Avec deux sélections, le Lot-et-Garonne confirme sa place grandissante dans le paysage cinématographique français. Entre fiction historique et immersion documentaire, ces productions mettent également en lumière les décors et talents du territoire agenais sur les écrans du septième art.
L’Âge d’Or, réalisé par Bérenger Thouin, sera projeté en ouverture de Cannes Classics, une section dédiée au patrimoine cinématographique. Ce long-métrage, signé par un jeune réalisateur originaire du Lot-et-Garonne, a été accompagné par le BAT 47 (Bureau d’Accueil de Tournage du Lot-et-Garonne) et tourné en partie au château Saint-Denis à Sauveterre-Saint-Denis en mars 2025. Décrit comme « le portrait d’une femme forte et libre à travers le siècle » par le Festival lui-même, il est porté par ses trois acteurs principaux : Vassili Schneider, Souheila Yacoub et Yile Yara Vianello. Ce long-métrage mêle images d’archives et récit et réinvente le film d’époque.
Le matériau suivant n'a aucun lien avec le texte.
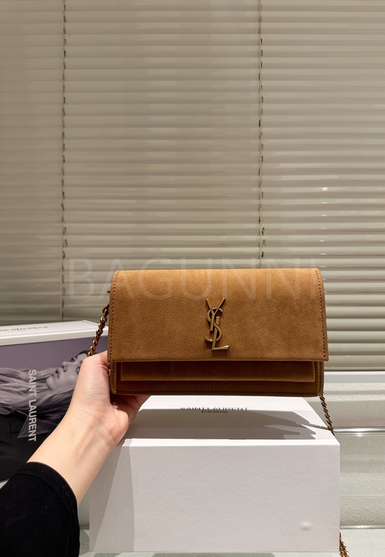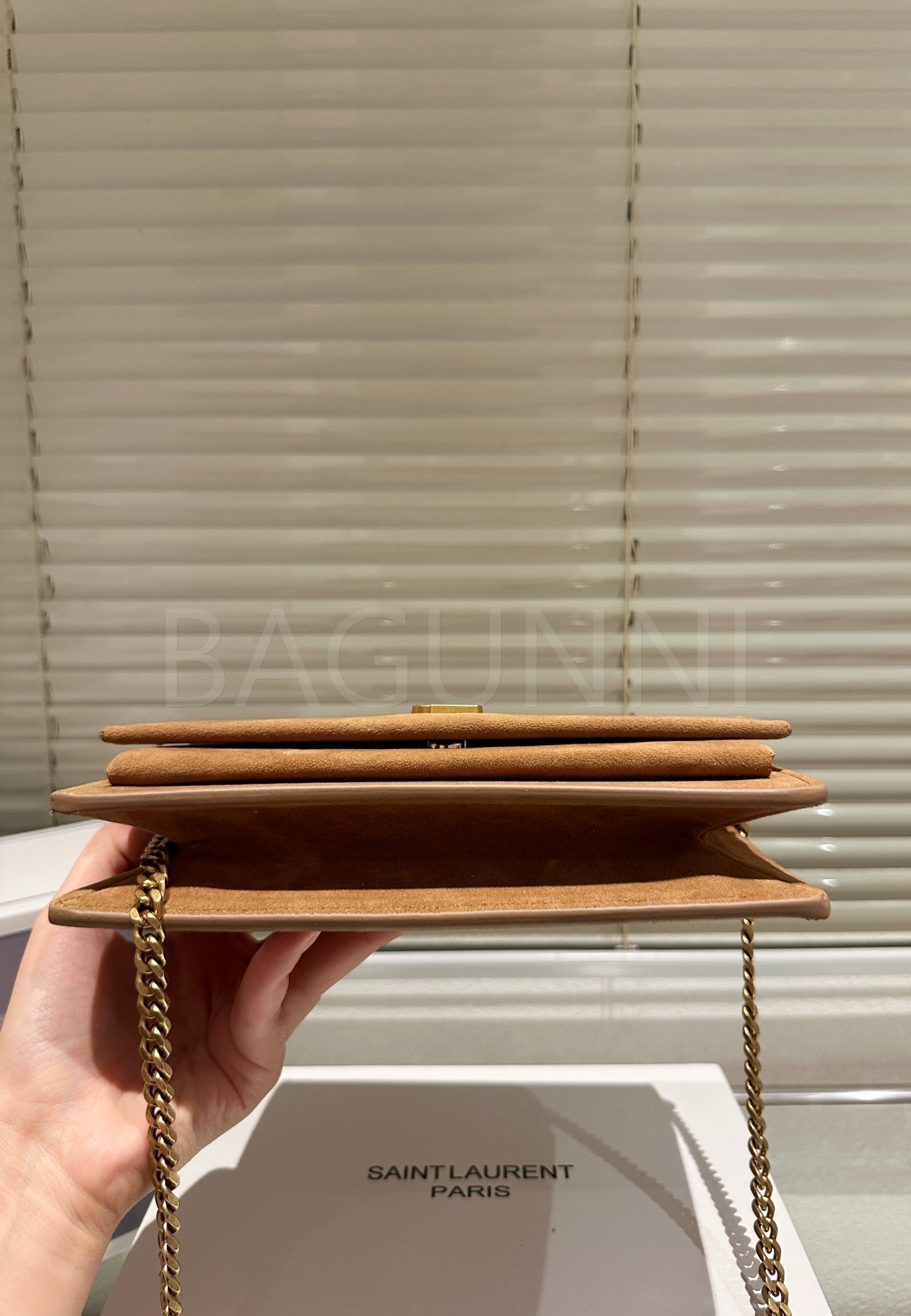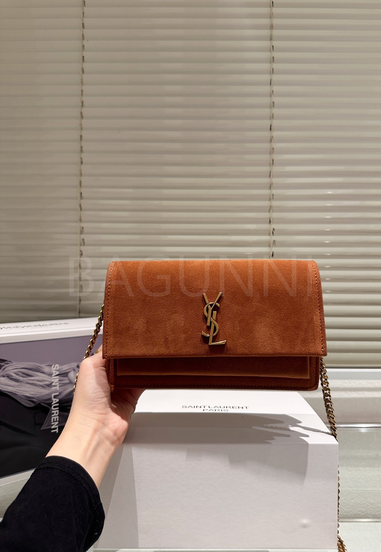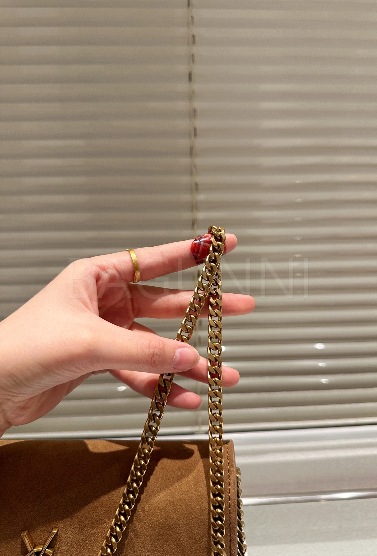YSL 니키 체인백입니다. 스웨이드 특유의 질감이 자연스럽게 살아 있으며 레드 톤이 어우러져 브랜드 특유의 분위기를 편하게 즐기기 좋습니다.
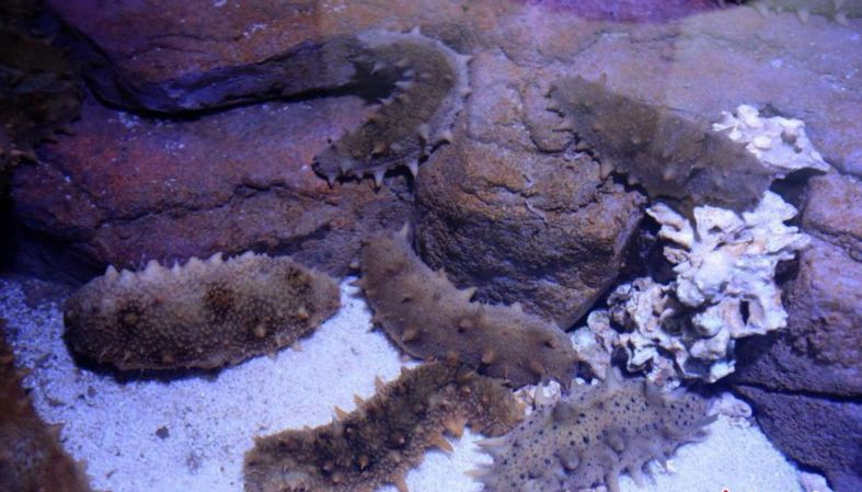 馆内收集了全球上百种海参标本及简介,可供参观者辨别、学习。其中最珍贵的要数2013年蛟龙号从水下4994米打捞上来的深海海参标本;还可通过互动球幕装置,点击查询世界上主要的海参生活区域等。

L’histoire suit Jeanne Lavaur, une jeune femme au destin singulier traversant le XXe siècle en quête de défier son destin, allant de son enfance dans la boucherie de ses parents à son rêve de devenir comtesse. Entre guerres, voyages et passions, ce long-métrage explore le parcours de vie de la protagoniste.
Un documentaire agenais en compétition
Le documentaire La Détention, réalisé par Guillaume Massart, intègre quant à lui la compétition de l’ACID (Association du Cinéma Indépendant pour sa Diffusion), une catégorie prônant la diffusion indépendante et la diversité cinématographique. Il sera également projeté en clôture de Cannes Docs. Produit par TS Productions, ce documentaire a lui aussi bénéficié du soutien du Département et de la Région, avec l’accompagnement du BAT47. Ce projet plonge au cœur de l’École Nationale d’Administration Pénitentiaire à Agen (ENAP). Le réalisateur a suivi pendant deux ans une promotion d’élèves au sein de l’établissement.

Le synopsis évoque « des centaines de femmes et d’hommes qui apprennent le métier de surveillant où le doute se fait de plus en plus rare ». Plongé en immersion dans leur quotidien, ce film « ouvre les portes d’un milieu aussi fermé ». À travers ce sujet, Guillaume Massart met en place un huis clos institutionnel obligeant à voir « la machine kafkaïenne de la bureaucratie répressive ». « Toute l’intelligence du hors-champ » est utilisée dans ce documentaire permettant de mettre en avant les dysfonctionnements des institutions. Le film suit la parole des agent·es, leurs silences et les fissures d’un discours institutionnel confronté à la réalité du terrain.